Darso, lelaki berumur 45 tahun itu wafat. Dia meninggal dunia setelah panas tinggi selama dua hari. Dibawa ke rumah sakit, tapi tak tertolong.
Di hari kematiannya, Nani, sang istri sesenggukan. Dia tak henti-hentinya menceritakan bagaimana kebaikan Darno. Nani menceritakan pada ibu-ibu RT.
"Bapak itu hebat, banting tulang demi anak-anak. Bahkan dia rela tak makan dalam beberapa kesempatan agar bisa menabung," kata Nani menceritakan almarhum Darno yang kerjanya sebagai tata usaha di sebuah sekolah.
Kebaikan Darno pada keluarga diungkap sedemikian rupa. Ada kehilangan amat sangat karena Darno adalah pahlawan keluarga.

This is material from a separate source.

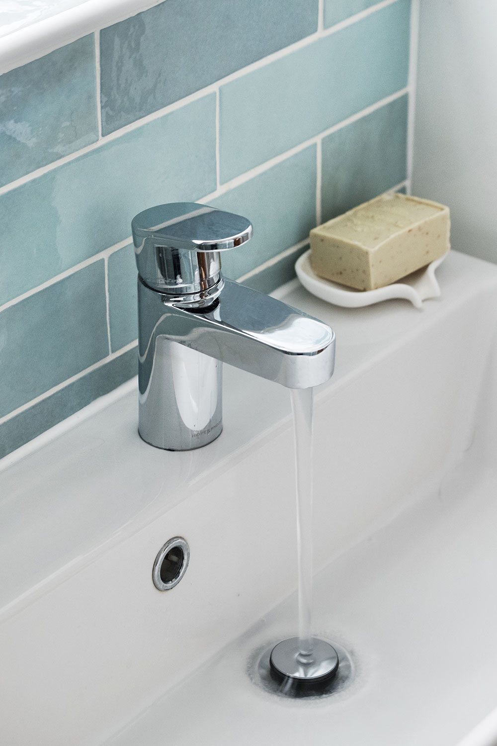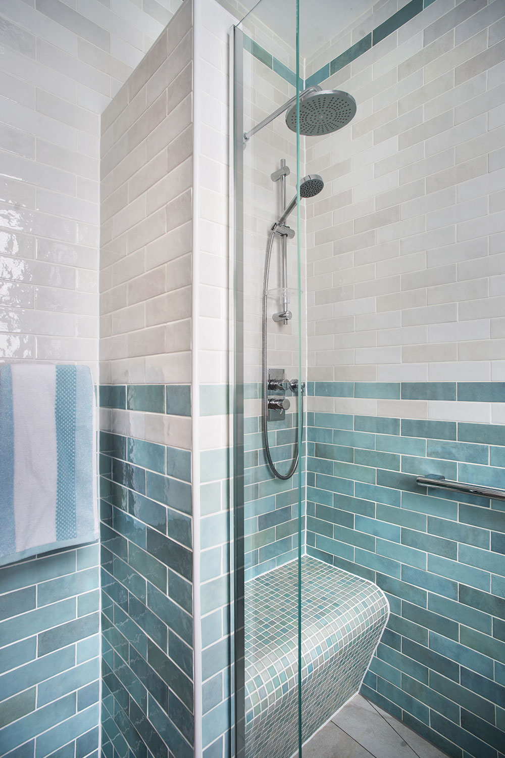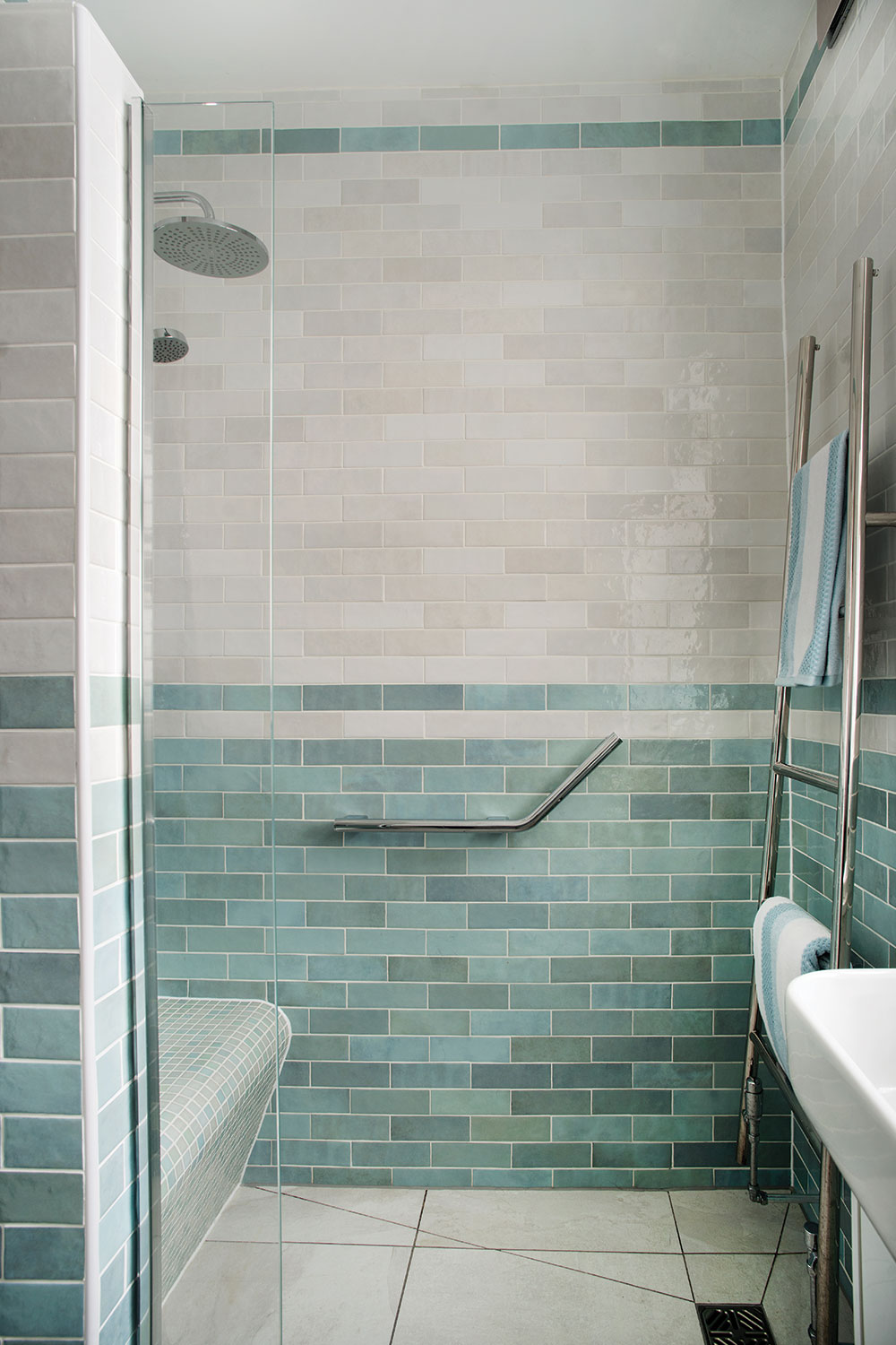 All walls but one have been fully tiled. The couple chose a mix of timeless off-white and blue-green metro tiles, boosting natural light and giving the bathroom an airy, coastal vibe. For contrast, the curved shower seat is clad in shimmering aquamarine mosaics,

Kesedihan juga merambat ke tetangga. Sedih karena ditinggalkan. Tapi para tetangga tak punya cerita heroik tentang Darno. Para tetangga juga tak punya cerita cacat amat sangat tentang Darno.
Usai takziah, ibu-ibu pulang dan bercerita ria.
"Menceritakannya sangat heroik ya tapi tak ada bekas cerita hebat yang muncul dari tetangga," kata Ani menceritakan Nina. Ani bercerita pada ibu lain yang jalan pulang.
Tapi ibu-ibu tak ada yang merespons. Mereka jalan cepat-cepat agar sampai rumah. Sebab, lagi ramai cerita klitih.
Ani merasa bahwa suaminya, Dikun, jauh lebih heroik dan perkasa daripada Darno. Dikun bukan hanya pahlawan bagi keluarga, tapi juga masyarakat. Dikun adalah sosok pemimpin di dalam dan luar rumah.
Ani pantas lebih bangga pada suaminya yang perkasa itu. Lebih perkasa daripada Darno.